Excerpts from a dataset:
+++

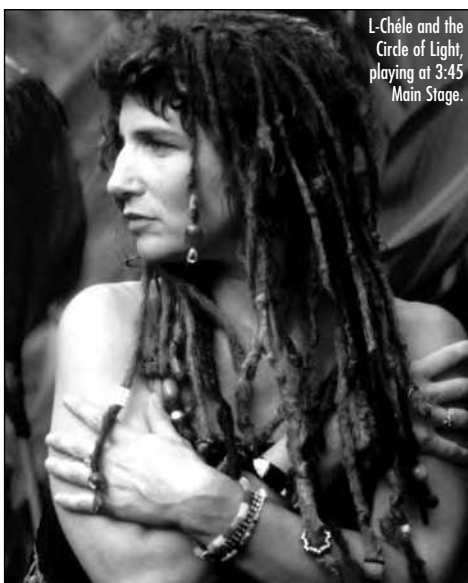
L'Chele and the Circle of Light, playing at 3:45 Main Stage.
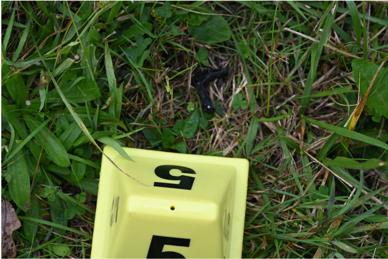
Figure 6: Placard #5, Evidence #14. Plastic trigger from gun (Photo ERL_0032)

Officer Involved Critical Incident - 681 4th St. SW, Warren, OH 44483, Trumbull County (L)
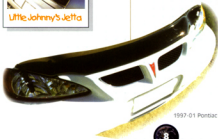
1997-01 Pontiac Grand Prix
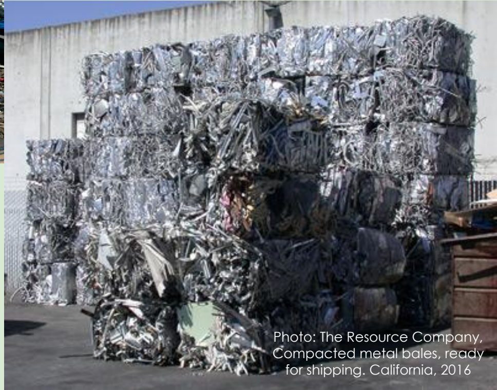
Compacted metal bales, ready for shipping. California, 2016

Shipping waste to established processing plants is viable under certain situations.
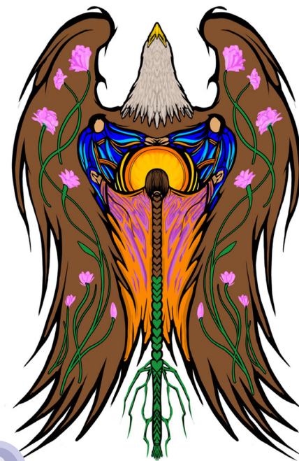
2 Artist: Brittany Cardinal
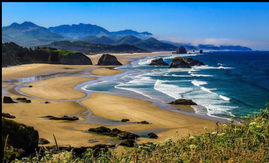
Alan Defoe Cannon Beach Morning 3 rd place Advanced 92.7 points
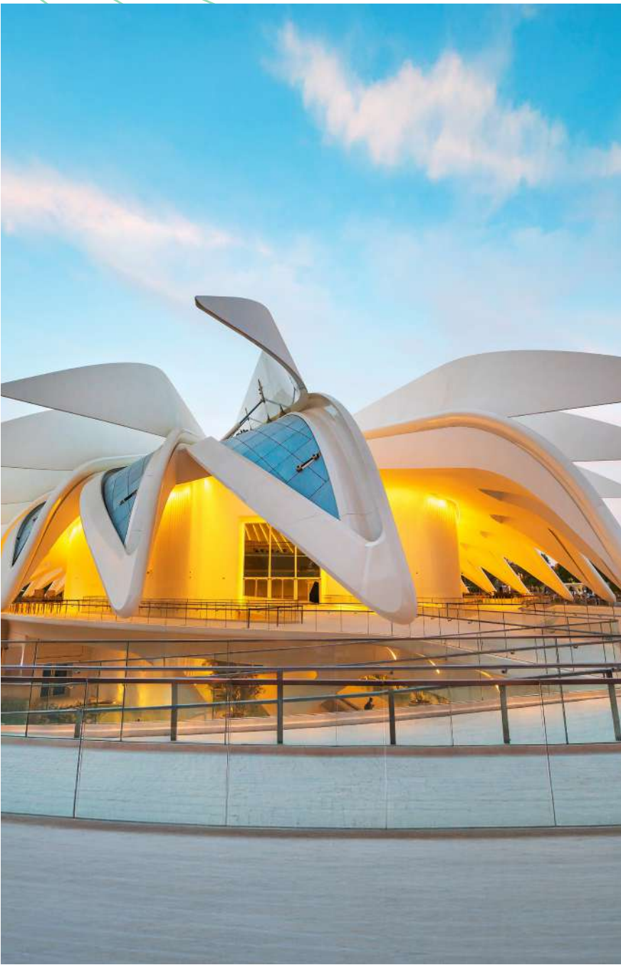
Direct access to the UAE Pavilion via the lush Ghayath Trail
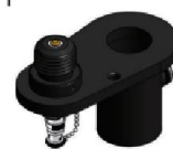
I Mast Mount Bracket 40mm Socket 50mm Socket Customer Specified
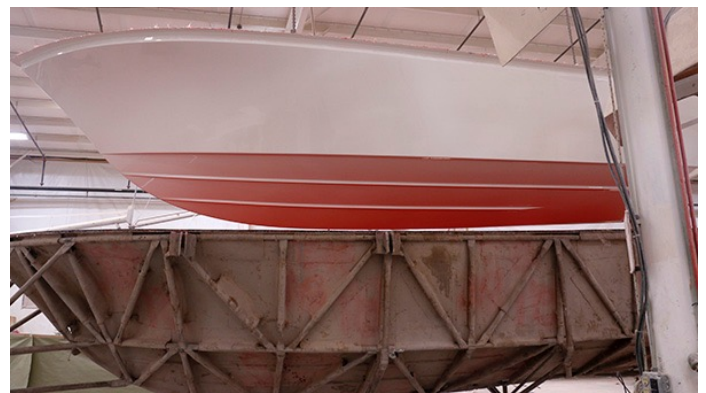
Hull is born
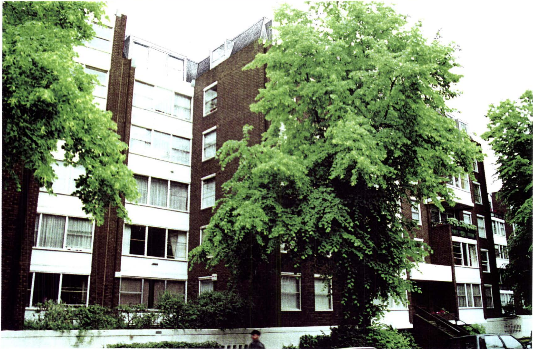
View of Block B from the West with roof extension superimposed
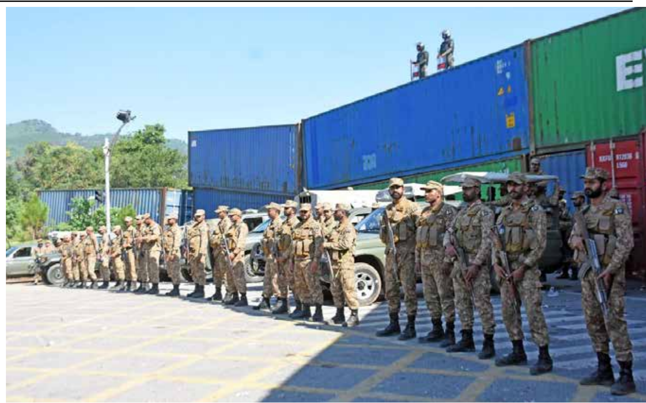
ISLAMABAD: The troops of Pakistan Army and Frontier Constabulary (FC) have completely taken the control of D Chowk on Sunday.

TEHRAN: Leader of the Islamic Revolution Ayatollah Seyyed Ali Khamenei has conferred the Order of Fat'h (Conquest) on Brigadier General Amir-Ali Hajizadeh, the commander of the IRGC's Aerospace Division. The order is granted to warriors with dramatic victories. The awarding on Sunday came after Iran's launch of 180 ballistic missiles at Israeli military and intelligence bases in the Tel Aviv area on Tuesday. "The awarding of the order is in recognition of the brilliant Operation True Promise," Iran's news agencies reported. The medal consists of the likeness of three palm leaves on top of the grand mosque of Khorramshahr in southwest Iran as a symbol of resistance, the flag of Iran and the word fat'h. Operation True Promise refers to Iran's retaliatory strikes on Israel on April 13 and October 1. In April, Iran launched hundreds of drones and missiles against Israel, in an unprecedented attack that came as a response to the occupying regime's raid on the Iranian consulate in Syria.
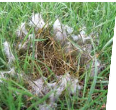
Prolific aerial mycelium is a characteristic sign of Pythium blight.
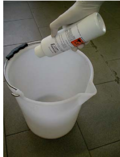
16. Soak into the bucket removed components and .....

NOTE. always follow approved Sanitizer/De-scaler manufacturers instructions and dilution when preparing Sanitizer/De-scaler solutions). Too concentrated cleaning/sanitizing solutions can cause corrosion on evaporator surface
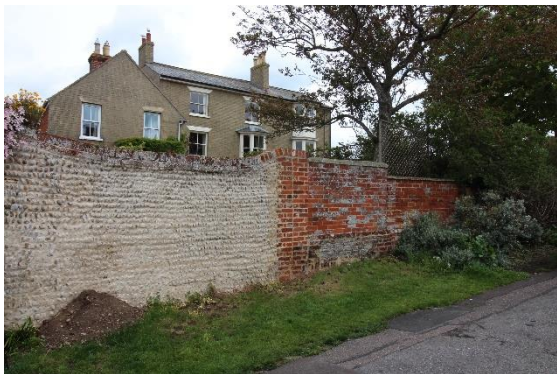
Cobble Boundary Wall, Strickland House, No.25 Park Lane
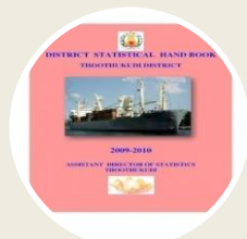
District Census Handbook

+++

Problem description: Word for word, write out the lines above running from the one with "1997-01 Pontiac Grand Prix" up to and including the one with "ISLAMABAD: The troops". Drop any picture.

Written answer:
1997-01 Pontiac Grand Prix
Compacted metal bales, ready for shipping. California, 2016

Shipping waste to established processing plants is viable under certain situations.
2 Artist: Brittany Cardinal
Alan Defoe Cannon Beach Morning 3 rd place Advanced 92.7 points
Direct access to the UAE Pavilion via the lush Ghayath Trail
I Mast Mount Bracket 40mm Socket 50mm Socket Customer Specified
Hull is born
View of Block B from the West with roof extension superimposed
ISLAMABAD: The troops of Pakistan Army and Frontier Constabulary (FC) have completely taken the control of D Chowk on Sunday.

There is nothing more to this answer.